Static website vs dynamic website: a sysadmin’s perspective

Static website vs dynamic website

Static website vs dynamic website: a sysadmin’s perspective

Every website can be categorized as either static or dynamic. In this post, we’re going to define a dynamic website as one that needs server-side processing to function, while a static website as one that serves the same content for all users. Another way of looking at it is that the content of a static website is pre-built and not generated on the server for each request.

Pros and cons

Each type of website serves a specific purpose, and it would be wrong to say that either one is better than the other.

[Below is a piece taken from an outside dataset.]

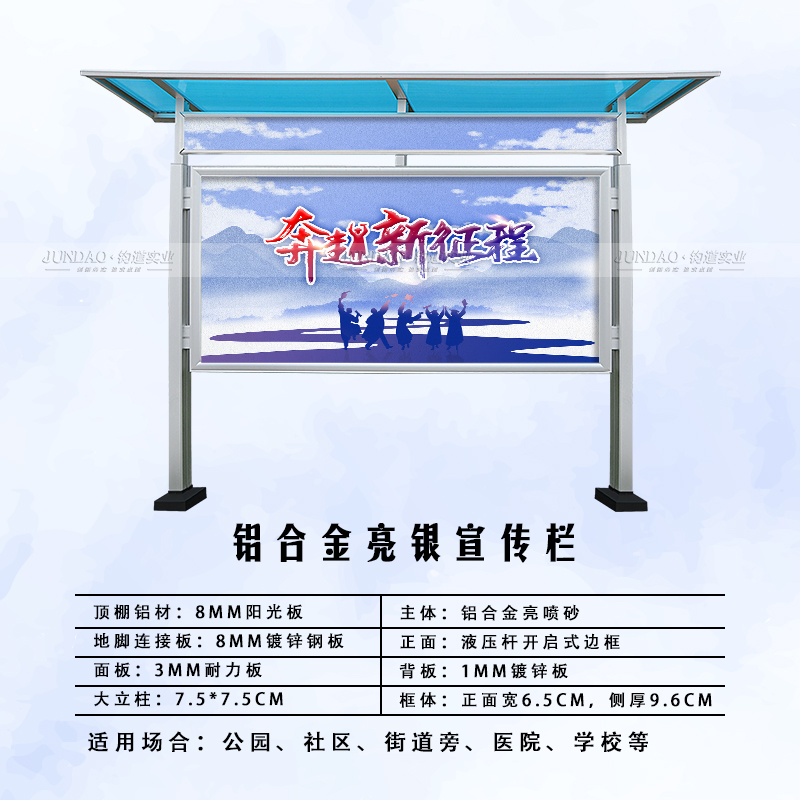 河南钧道实业有限公司主营:铝合金户外带雨棚宣传栏、垃圾分类亭、挂墙报栏、移动展架、广告铝框、可折叠海报架、灯杆道旗、带造型灯杆灯箱、标识牌、花草牌等成品。

Dynamic websites are what made the modern web possible. Webshops, forums, social media sites, web apps, etc. are all examples of dynamic websites.
Any website that provides a more complex functionality to the end-user will most likely be dynamic.
Nevertheless, not all websites need to be dynamic. A rule of thumb is that if your website purpose is to provide the content you create for your users such as a news portal, blog or your company site, the website can be a purely static website.

Let’s take a look at some benefits and disadvantages of static websites.

Static website benefits

One of the benefits of a static website is that it reduces server load.

Let’s take a look at a typical request cycle that happens with a dynamic site. In this example, we’re going to consider a classic LAMP stack with a proxy and a caching service. The request coming to the server is received by the proxy. The proxy then routes the request to Apache.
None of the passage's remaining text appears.